Koshala Literature Festival: Duo authors chapter of cultural rejuvenation in Lucknow’s journey
Festival founder Prashant Kumar Singh and director and curator Amitabh Singh Baghel, who are also best friends-turned-business partners, say there is no better place than Lucknow for an event like the Koshala Literature Festival
A literature festival comes as a breath of fresh air, offering a welcome relief from life’s prosaic patterns and serving a bouquet of creativity in a world inundated with digital pastimes.
The Koshala Literature Festival was no different in this respect as it underlined the importance of a space for discussions on literature and culture in a city like Lucknow, blessed with a rich cultural heritage and always eager to reconnect to its roots.
No wonder, festival founder Prashant Kumar Singh and director and curator Amitabh Singh Baghel, who are also best friends-turned-business partners, said there is no better place than Lucknow for an event like this.
The duo spoke to HT on the intent and vision of the festival on Sunday, the concluding day of the three-day affair, the second edition of which received an overwhelming response this year.
One of the goals of the festival is to disseminate the literary influences from Awadh and neighbouring districts, which formed the Koshala state of the late Vedic period, Singh said.
“We want to club wisdom and talent together,” he added.
“We want to support the people of Lucknow in completing the journey from information, to knowledge, to wisdom. In the digital world, we are all very well informed and aware, but we are not wise,” Singh said.
Literature and such discussions certainly play a very important role in the evolution of people, Baghel chipped in.
As for Lucknow providing the perfect audience for such an event, he said, “The population of Lucknow and the number of educated people here... Lucknow has also always had a special place for culture, from the times when a large component of literature was Urdu poetry. There’s no place like Lucknow for a literature festival like that.”
Explaining the genesis of the festival, Prashant Singh said, “It all started with a discussion with my best friend Amitabh, and we shared a common interest towards literature, and Urdu poetry. With my two decades of experience in the corporate world, and his stronghold on literature festivals in the past, we channelised our resources to put this event together.”

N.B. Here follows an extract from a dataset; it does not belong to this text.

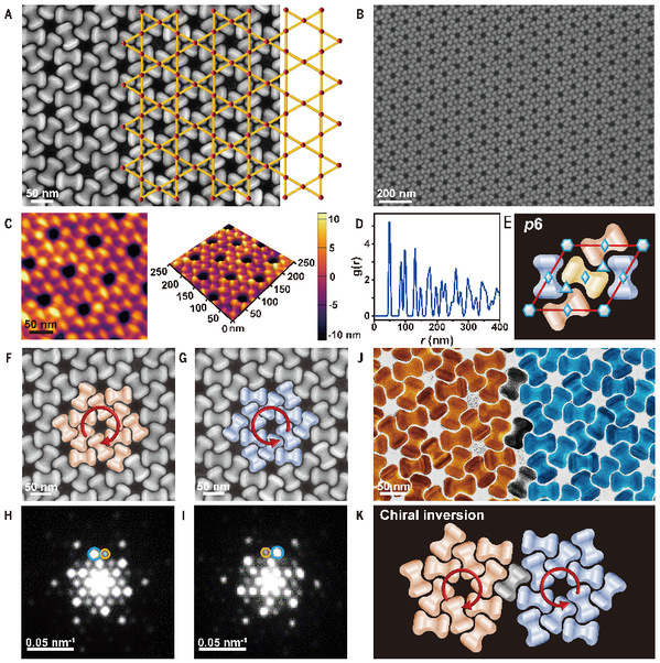 该研究通过优化合成条件制备了凹度适中的哑铃形颗粒,并基于气液界面组装技术,获得了高质量的二维Kagome超晶格,其单晶区域可达数十平方微米,包含超过10万个凹凸互锁的哑铃形颗粒。“这种精度是传统3D打印和光刻技术难以比拟的,再次展现了纳米自组装技术在物质制备中的优势。”李同涛说。该Kagome超晶格具有p6对称性,展现出独特的面内手性,有望带来全新的光学性质。

Baghel, for his part, referred to sociologists Ogburn and Nimkoff, and their theory of a cultural lag, which says that in society, cultural developments take a little time to catch up to technical innovations.

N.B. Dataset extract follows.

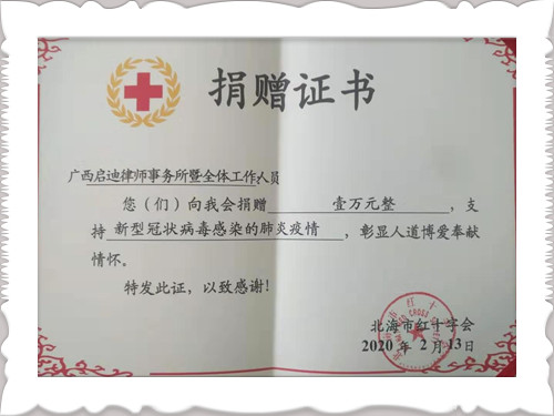 2月13日,广西启迪律师事务所党支部积极发动全所律师和工作人员向北海市红十字会捐赠10000元,充分发挥党员先锋模范作用。我市律师们都在为战胜疫魔贡献出自己的一份力量。

“So what we are doing is a part of the non-material and cultural progress of the society,” Baghel said.
On the turnout for the second edition this year, Baghel remarked, “It is always a challenge to get people to leave what they are doing and come listen to such academic conversations, but once they see the calibre of speakers they do show up. Despite the location of La Martiniere grounds being a little bit of a challenge, people have still turned up!”
Prashant Singh stressed on the dire need for such literary conversations in the digital world, “We are providing so many literary experiences for the Lucknow populace, outside of the phone screen!”